A variable token can also indicate the start of the structure instantiation. In this case we read an entire structure expression with arguments inside square brackets and only then assign it to the StructureExpression
value. We will move existent readInstance()
method from StatementParser
class into the inner ExpressionReader
class with following changes:
...
private Expression readInstance(Token token) {
StructureDefinition definition = structures.get(token.getValue());
List<Expression> arguments = new ArrayList<>();
if (StatementParser.this.peek(TokenType.GroupDivider, "[")) {
next(TokenType.GroupDivider, "["); //skip open square bracket
while (!StatementParser.this.peek(TokenType.GroupDivider, "]")) {
Expression value = new ExpressionReader().readExpression();
arguments.add(value);
if (StatementParser.this.peek(TokenType.GroupDivider, ","))
next();
}
next(TokenType.GroupDivider, "]"); //skip close square bracket
}
if (definition == null) {
throw new SyntaxException(String.format("Structure is not defined: %s", token.getValue()));
}
return new StructureExpression(definition, arguments, variables::get);
}
...
After we finished processing expression tokens and reached the end of the expression we will need an extra while loop to pop remaining operators and apply it on the top operand(s). In the end we should have the only one resulting composite operand in the operands stack, we return it as a final expression result:
private Expression readExpression() {
...
while (!operators.isEmpty()) {
applyTopOperator();
}
return operands.pop();
}
Now we can now build AssignmentStatement
in the parseExpression()
method. The AssignStatement
can start with a Variable or an Operator token type (in case we have a new
operator for the structure instantiation). When we read an expression we expect to read an entire Assignment
expression accumulating left value as a variable name and right expression as a variable value. Therefore, we go to one tokens position back and start reading the expression using ExpressionReader
starting from variable’s name declaration:
private Statement parseExpression() {
Token token = next(TokenType.Keyword, TokenType.Variable, TokenType.Operator);
switch (token.getType()) {
case Variable:
case Operator:
position--;
Expression value = new ExpressionReader().readExpression();
...
case Keyword:
default:
...
}
}
In the end we expect to obtain the complete AssignmentOperator
and we can create an AssignmentStatement
instance:
...
case Variable:
case Operator:
position--;
Expression value = new ExpressionReader().readExpression();
if (value instanceof AssignmentOperator) {
VariableExpression variable = (VariableExpression) ((AssignmentOperator) value).getLeft();
return new AssignmentStatement(variable.getName(), ((AssignmentOperator) value).getRight(), variables::put);
} else {
throw new SyntaxException(String.format("Unsupported statement: `%s`", value));
}
...
The last thing we need to do is to update expressions reading for the input
and if
statements using our new inner ExpressionReader
class.

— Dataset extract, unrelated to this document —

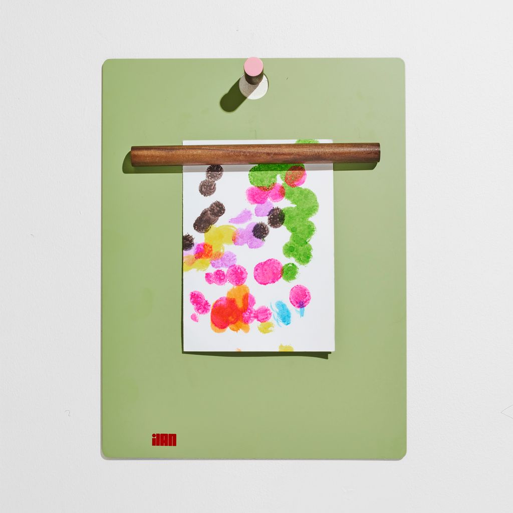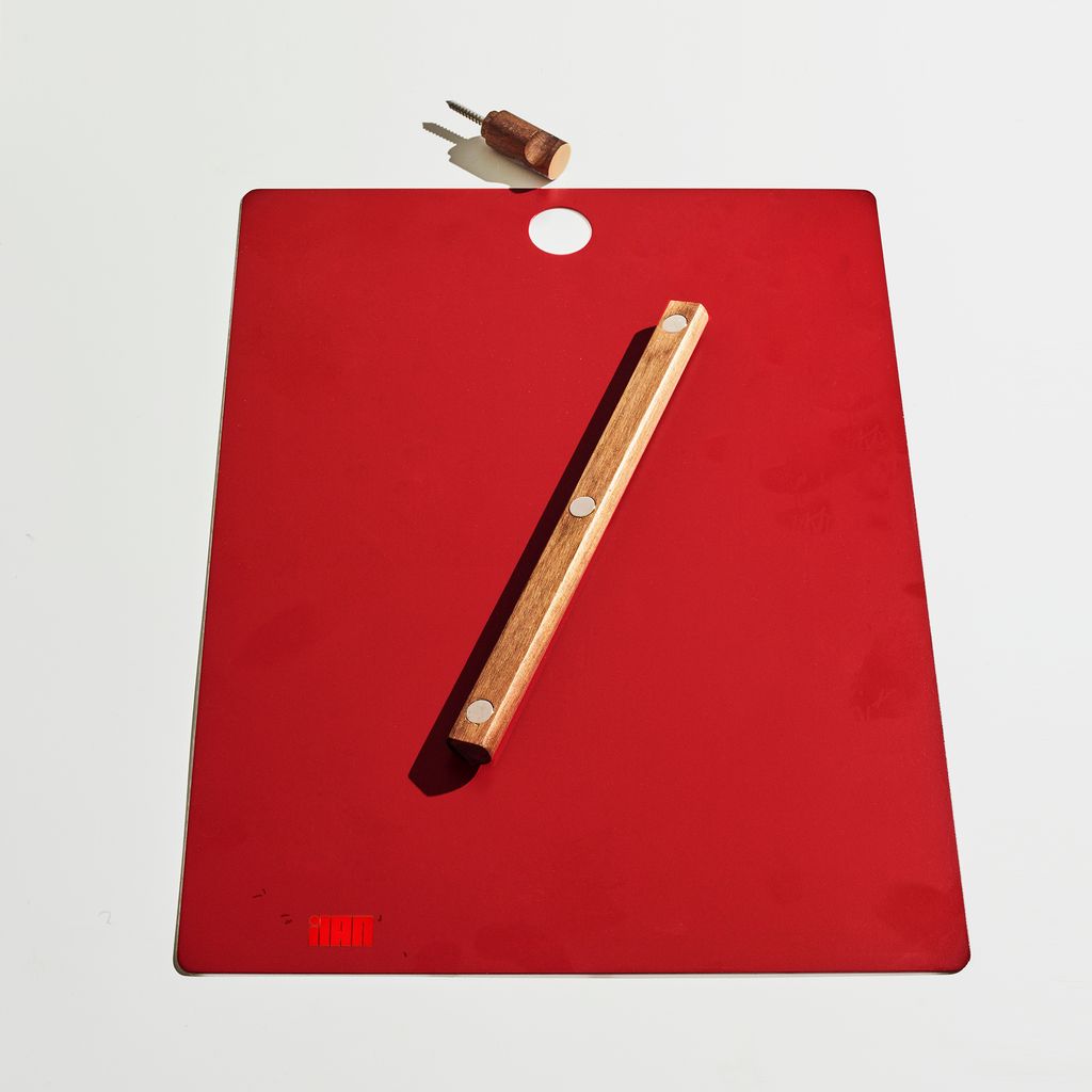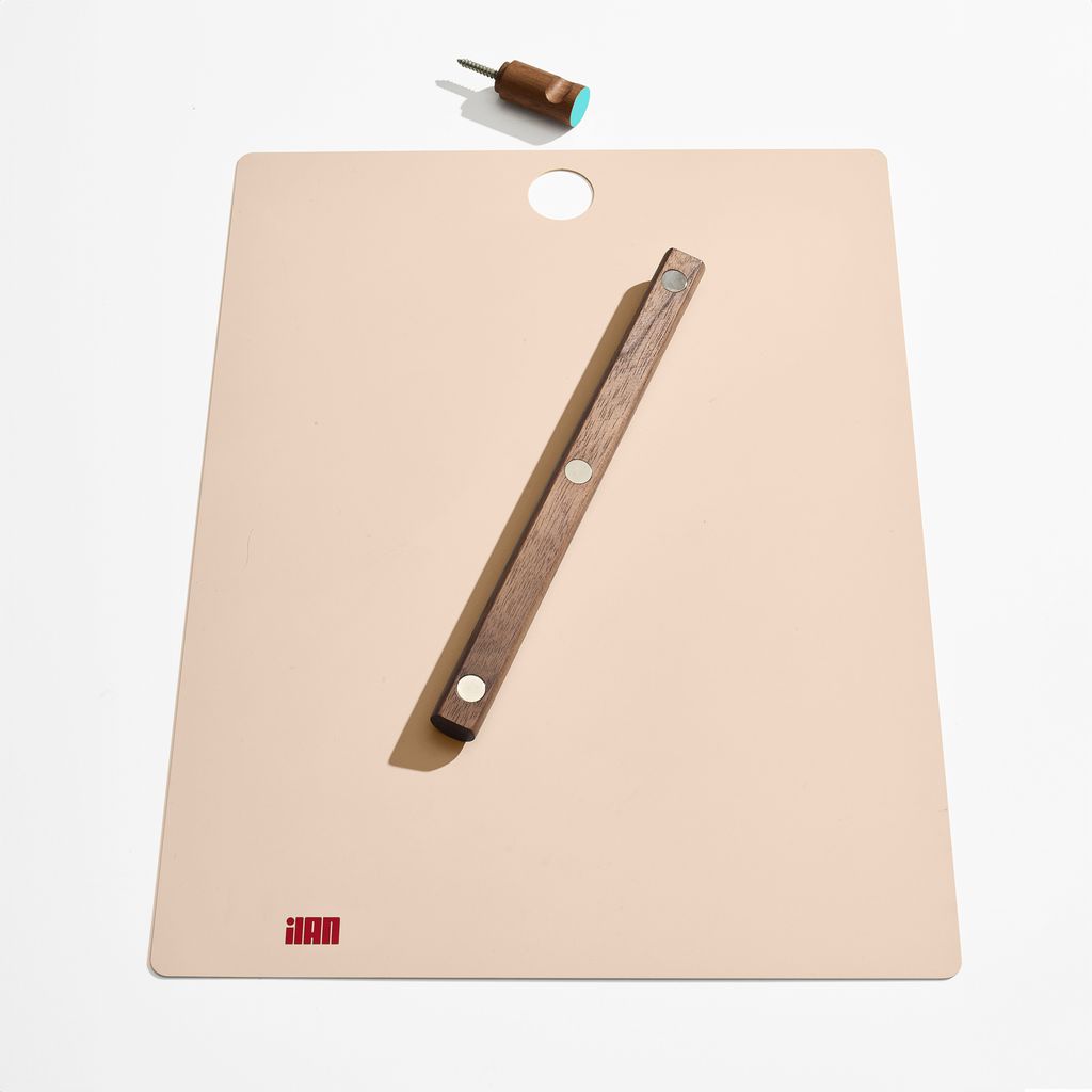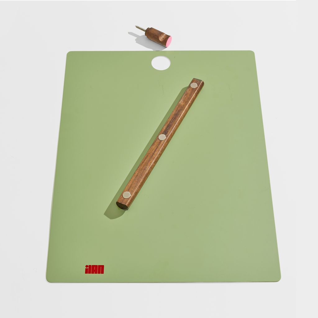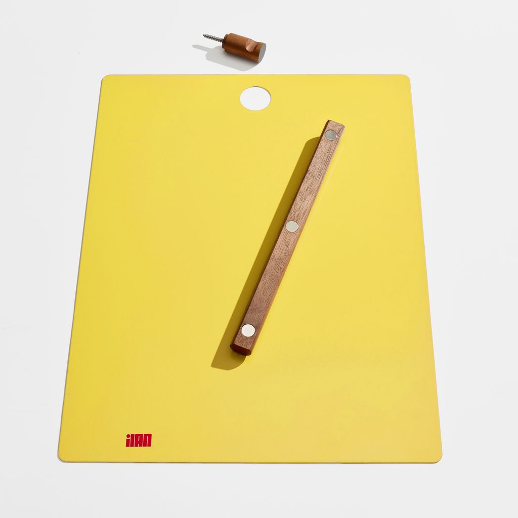 The Magnetic Clipboard invites you to leave a note, keep a list, express yourself. Post this communication tool in an entryway, office or kitchen. Write directly on the metal board with a dry-erase pen or secure up to twenty sheets of paper with the magnetized wooden rod. Hang a pen or keys from the hook. In solid walnut and powder-coated metal.

It will allow us to read complex expression inside print
and if
statements:
...
case Keyword:
default:
switch (token.getValue()) {
case "print":
Expression expression = new ExpressionReader().readExpression();
...
case "if":
Expression condition = new ExpressionReader().readExpression();
...
}
...
In this article, we improved our own programming language with mathematical expressions evaluation using Dijkstra's Two-Stack algorithm. We injected operators priority with an ability to change it using parentheses, including complex structure instantiations. The full source code is available over on GitHub.